EXTRACTED MATERIAL
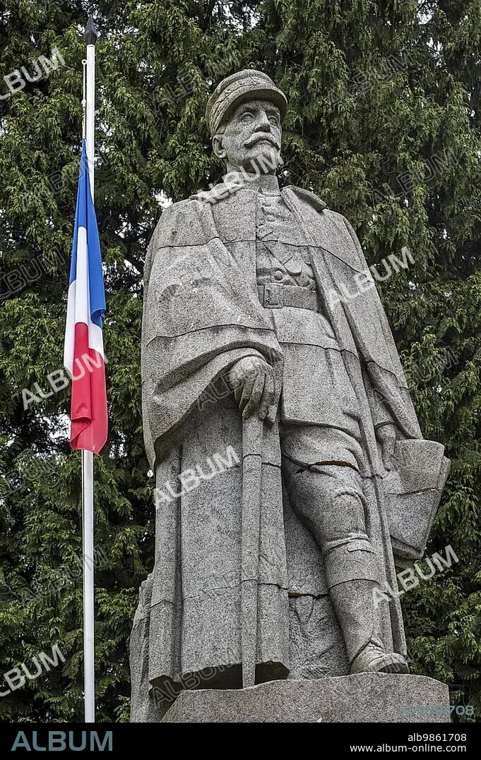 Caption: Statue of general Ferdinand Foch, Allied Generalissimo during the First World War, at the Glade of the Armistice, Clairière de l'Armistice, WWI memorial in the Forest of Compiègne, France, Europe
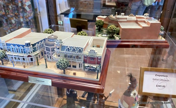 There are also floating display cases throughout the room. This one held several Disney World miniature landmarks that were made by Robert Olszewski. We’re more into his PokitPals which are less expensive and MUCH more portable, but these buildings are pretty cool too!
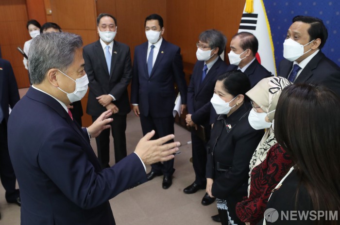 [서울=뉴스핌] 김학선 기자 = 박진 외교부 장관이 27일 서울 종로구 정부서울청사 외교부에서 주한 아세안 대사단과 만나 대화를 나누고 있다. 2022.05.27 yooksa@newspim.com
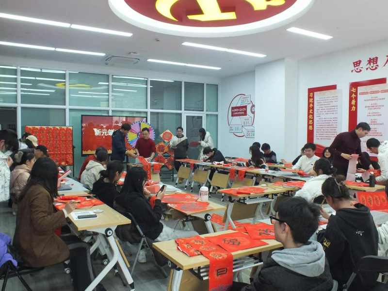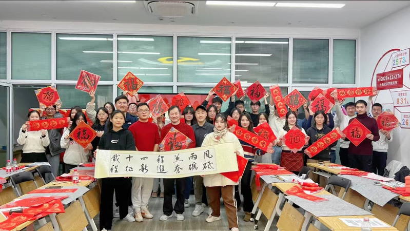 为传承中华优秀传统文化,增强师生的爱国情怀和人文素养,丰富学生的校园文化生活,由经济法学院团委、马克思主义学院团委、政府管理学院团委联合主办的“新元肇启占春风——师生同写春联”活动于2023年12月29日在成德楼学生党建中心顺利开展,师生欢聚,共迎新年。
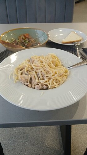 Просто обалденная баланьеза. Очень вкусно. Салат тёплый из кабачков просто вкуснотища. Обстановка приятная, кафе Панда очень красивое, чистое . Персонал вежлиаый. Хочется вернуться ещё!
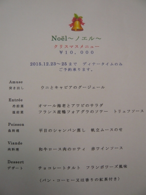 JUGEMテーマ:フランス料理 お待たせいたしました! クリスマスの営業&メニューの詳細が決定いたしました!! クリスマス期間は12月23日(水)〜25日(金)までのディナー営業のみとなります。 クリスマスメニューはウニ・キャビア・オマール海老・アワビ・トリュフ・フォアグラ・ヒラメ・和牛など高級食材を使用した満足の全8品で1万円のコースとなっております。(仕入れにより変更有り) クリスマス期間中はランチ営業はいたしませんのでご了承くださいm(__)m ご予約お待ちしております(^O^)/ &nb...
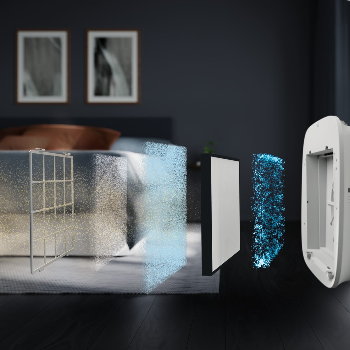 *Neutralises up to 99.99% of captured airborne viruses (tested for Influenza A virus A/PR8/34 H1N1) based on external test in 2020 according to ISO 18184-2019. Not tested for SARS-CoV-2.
==
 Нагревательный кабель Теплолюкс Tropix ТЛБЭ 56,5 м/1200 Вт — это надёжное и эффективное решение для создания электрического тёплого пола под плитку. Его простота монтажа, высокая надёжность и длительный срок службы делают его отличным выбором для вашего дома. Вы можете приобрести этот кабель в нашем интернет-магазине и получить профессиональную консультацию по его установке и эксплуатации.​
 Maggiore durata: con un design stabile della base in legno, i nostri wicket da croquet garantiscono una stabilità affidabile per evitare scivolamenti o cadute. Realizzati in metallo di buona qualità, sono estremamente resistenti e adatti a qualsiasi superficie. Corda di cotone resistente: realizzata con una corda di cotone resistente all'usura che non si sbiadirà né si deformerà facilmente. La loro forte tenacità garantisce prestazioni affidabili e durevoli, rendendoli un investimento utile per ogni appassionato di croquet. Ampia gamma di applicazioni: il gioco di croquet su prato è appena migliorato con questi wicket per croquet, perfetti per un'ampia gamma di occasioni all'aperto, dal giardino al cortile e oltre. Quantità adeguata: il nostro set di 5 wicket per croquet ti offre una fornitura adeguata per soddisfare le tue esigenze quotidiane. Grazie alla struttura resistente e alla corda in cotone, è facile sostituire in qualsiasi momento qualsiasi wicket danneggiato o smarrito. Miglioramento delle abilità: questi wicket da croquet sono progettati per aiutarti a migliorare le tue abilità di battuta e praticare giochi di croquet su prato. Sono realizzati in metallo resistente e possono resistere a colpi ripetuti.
--
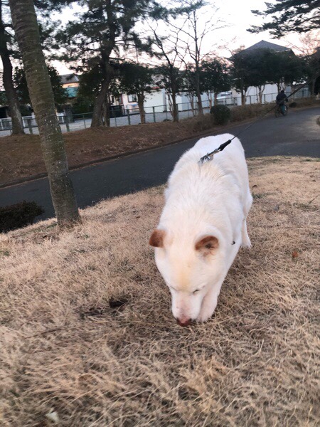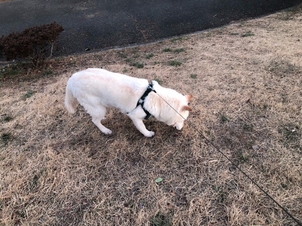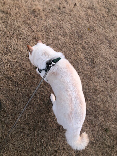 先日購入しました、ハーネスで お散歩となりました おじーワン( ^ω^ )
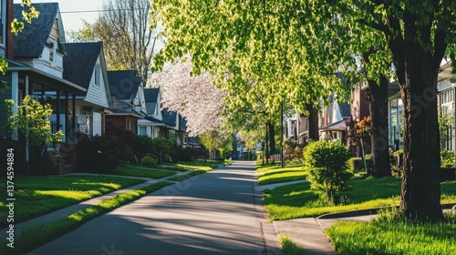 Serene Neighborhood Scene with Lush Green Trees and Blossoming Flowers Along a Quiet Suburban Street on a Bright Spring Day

WORK TASK
Within the entries above, give again exactly the lines starting at the one that contains "Просто обалденная баланьеза." and ending at the one that contains "tested for SARS-CoV-2.", leaving out the pictures.

RESPONSE AREA
 Просто обалденная баланьеза. Очень вкусно. Салат тёплый из кабачков просто вкуснотища. Обстановка приятная, кафе Панда очень красивое, чистое . Персонал вежлиаый. Хочется вернуться ещё!
 JUGEMテーマ:フランス料理 お待たせいたしました! クリスマスの営業&メニューの詳細が決定いたしました!! クリスマス期間は12月23日(水)〜25日(金)までのディナー営業のみとなります。 クリスマスメニューはウニ・キャビア・オマール海老・アワビ・トリュフ・フォアグラ・ヒラメ・和牛など高級食材を使用した満足の全8品で1万円のコースとなっております。(仕入れにより変更有り) クリスマス期間中はランチ営業はいたしませんのでご了承くださいm(__)m ご予約お待ちしております(^O^)/ &nb...
 *Neutralises up to 99.99% of captured airborne viruses (tested for Influenza A virus A/PR8/34 H1N1) based on external test in 2020 according to ISO 18184-2019. Not tested for SARS-CoV-2.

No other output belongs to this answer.